Augure API
OpenAI-compatible chat completions API on sovereign Canadian infrastructure. No US exposure. No CLOUD Act.
Base URL: https://api.augureai.caData Routing & Residency
All API requests enter through our gateway on OVHcloud infrastructure in Beauharnois, Quebec. Inference runs on sovereign infrastructure with no US parent company in the stack — no data touches US infrastructure at any point. Ossington 4 runs on Canadian GPU infrastructure (Denvr, Calgary). Prompts are encrypted in transit (TLS 1.2+), never logged by Augure, and never used for model training.
Authentication
All API endpoints require a Bearer token. Include your API key in the Authorization header of every request.
curl https://api.augureai.ca/v1/models \
-H "Authorization: Bearer YOUR_API_KEY"Getting a key: API keys are issued through our gated application process. Apply for access to get started.
Models
Three models are available, optimized for different workloads.
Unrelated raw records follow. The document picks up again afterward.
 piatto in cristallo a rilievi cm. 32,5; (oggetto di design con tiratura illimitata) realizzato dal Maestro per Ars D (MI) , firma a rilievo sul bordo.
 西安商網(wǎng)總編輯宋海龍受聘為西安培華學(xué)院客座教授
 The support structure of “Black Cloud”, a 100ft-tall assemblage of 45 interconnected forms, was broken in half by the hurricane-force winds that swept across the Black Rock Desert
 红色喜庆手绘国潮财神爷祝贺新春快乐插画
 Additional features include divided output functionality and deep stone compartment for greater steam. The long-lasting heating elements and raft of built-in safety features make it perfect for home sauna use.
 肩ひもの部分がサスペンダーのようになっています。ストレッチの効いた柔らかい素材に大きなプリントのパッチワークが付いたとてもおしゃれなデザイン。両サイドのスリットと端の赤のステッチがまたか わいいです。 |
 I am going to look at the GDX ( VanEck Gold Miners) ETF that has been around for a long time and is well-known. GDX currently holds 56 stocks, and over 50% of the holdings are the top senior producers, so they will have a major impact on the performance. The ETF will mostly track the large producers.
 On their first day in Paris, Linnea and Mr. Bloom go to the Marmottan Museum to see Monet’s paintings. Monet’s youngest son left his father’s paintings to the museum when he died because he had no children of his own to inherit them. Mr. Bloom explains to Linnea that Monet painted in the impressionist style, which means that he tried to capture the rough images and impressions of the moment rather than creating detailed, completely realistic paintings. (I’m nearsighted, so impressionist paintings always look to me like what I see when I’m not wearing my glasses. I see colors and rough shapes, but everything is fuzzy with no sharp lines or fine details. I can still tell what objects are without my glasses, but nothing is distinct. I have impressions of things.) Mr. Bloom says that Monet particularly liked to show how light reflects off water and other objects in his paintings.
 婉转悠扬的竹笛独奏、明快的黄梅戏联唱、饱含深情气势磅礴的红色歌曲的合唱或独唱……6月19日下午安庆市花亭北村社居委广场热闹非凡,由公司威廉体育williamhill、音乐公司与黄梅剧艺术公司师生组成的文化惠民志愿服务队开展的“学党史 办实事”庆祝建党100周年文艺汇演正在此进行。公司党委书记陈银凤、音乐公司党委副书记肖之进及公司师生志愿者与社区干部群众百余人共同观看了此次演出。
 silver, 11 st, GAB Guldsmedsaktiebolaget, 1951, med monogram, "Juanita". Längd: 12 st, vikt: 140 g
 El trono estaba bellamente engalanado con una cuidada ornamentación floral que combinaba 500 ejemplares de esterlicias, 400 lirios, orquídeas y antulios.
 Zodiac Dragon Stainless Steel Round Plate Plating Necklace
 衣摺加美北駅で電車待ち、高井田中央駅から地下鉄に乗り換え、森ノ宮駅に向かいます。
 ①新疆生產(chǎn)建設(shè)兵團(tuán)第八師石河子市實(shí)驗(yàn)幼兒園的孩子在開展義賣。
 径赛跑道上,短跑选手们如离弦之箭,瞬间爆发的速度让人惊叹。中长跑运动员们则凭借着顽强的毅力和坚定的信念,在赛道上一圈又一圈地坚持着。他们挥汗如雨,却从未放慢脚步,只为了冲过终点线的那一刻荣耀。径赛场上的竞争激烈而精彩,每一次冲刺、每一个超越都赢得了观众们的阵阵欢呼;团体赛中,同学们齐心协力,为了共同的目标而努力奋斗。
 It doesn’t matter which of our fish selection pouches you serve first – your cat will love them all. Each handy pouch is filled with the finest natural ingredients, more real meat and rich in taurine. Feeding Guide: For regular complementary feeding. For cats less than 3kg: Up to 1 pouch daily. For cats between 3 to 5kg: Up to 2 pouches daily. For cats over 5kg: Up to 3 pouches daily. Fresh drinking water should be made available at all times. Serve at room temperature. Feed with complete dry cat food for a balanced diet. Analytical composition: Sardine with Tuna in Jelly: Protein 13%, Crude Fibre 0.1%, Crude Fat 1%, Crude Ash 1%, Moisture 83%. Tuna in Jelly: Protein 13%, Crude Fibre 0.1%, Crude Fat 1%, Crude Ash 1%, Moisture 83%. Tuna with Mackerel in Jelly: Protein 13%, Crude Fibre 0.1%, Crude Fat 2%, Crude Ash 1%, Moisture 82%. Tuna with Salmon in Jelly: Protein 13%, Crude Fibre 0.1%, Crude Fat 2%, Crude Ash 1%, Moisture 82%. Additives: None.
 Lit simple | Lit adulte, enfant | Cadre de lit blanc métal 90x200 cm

ossington-4Large model, highest capability
Complex reasoning, legal analysis, document review
tofino-2.5Fast, efficient small model
Chat, summaries, quick tasks
augure-nanoCompact 8B model
Classification, extraction, simple tasks
OpenAI compatibility: The aliases gpt-4, gpt-4o, gpt-4o-mini, and gpt-3.5-turbo are supported for drop-in compatibility with OpenAI client libraries. They map to ossington-4 and tofino-2.5 respectively.
Endpoints
/v1/chat/completionsCreate a chat completion. Accepts the same request format as the OpenAI chat completions endpoint.
Parameters
| Field | Type | Required | Description |
|---|---|---|---|
| model | string | Yes | Model ID (see Models above) |
| messages | array | Yes | Array of message objects |
| stream | boolean | No | Stream response via SSE. Default: false |
| temperature | number | No | Sampling temperature (0.0–2.0) |
| max_tokens | number | No | Max tokens to generate (up to 32,768) |
| top_p | number | No | Nucleus sampling threshold |
| stop | string | array | No | Stop sequence(s) |
Each message in the messages array has a role ("system", "user", or "assistant") and a content string.
Example Request
curl -X POST https://api.augureai.ca/v1/chat/completions \
-H "Authorization: Bearer YOUR_API_KEY" \
-H "Content-Type: application/json" \
-d '{
"model": "ossington-4",
"messages": [
{"role": "system", "content": "You are a helpful assistant."},
{"role": "user", "content": "What is the Civil Code of Quebec?"}
]
}'Example Response
{
"id": "chatcmpl-a9adf17e-5ff3-4804-b01e-f7cbd30ae996",
"object": "chat.completion",
"created": 1771286577,
"model": "ossington-4",
"choices": [
{
"index": 0,
"message": {
"role": "assistant",
"content": "The Civil Code of Quebec (Code civil du Québec) is..."
},
"finish_reason": "stop"
}
],
"usage": {
"prompt_tokens": 24,
"completion_tokens": 150,
"total_tokens": 174
},
"_augure": {
"gateway_region": "ca-montreal-1",
"inference_region": "augure-cloud",
"request_id": "a9adf17e-5ff3-4804-b01e-f7cbd30ae996"
}
}Streaming
Set "stream": true to receive Server-Sent Events. Each event is a JSON chunk with a delta object containing incremental content. The stream ends with data: [DONE].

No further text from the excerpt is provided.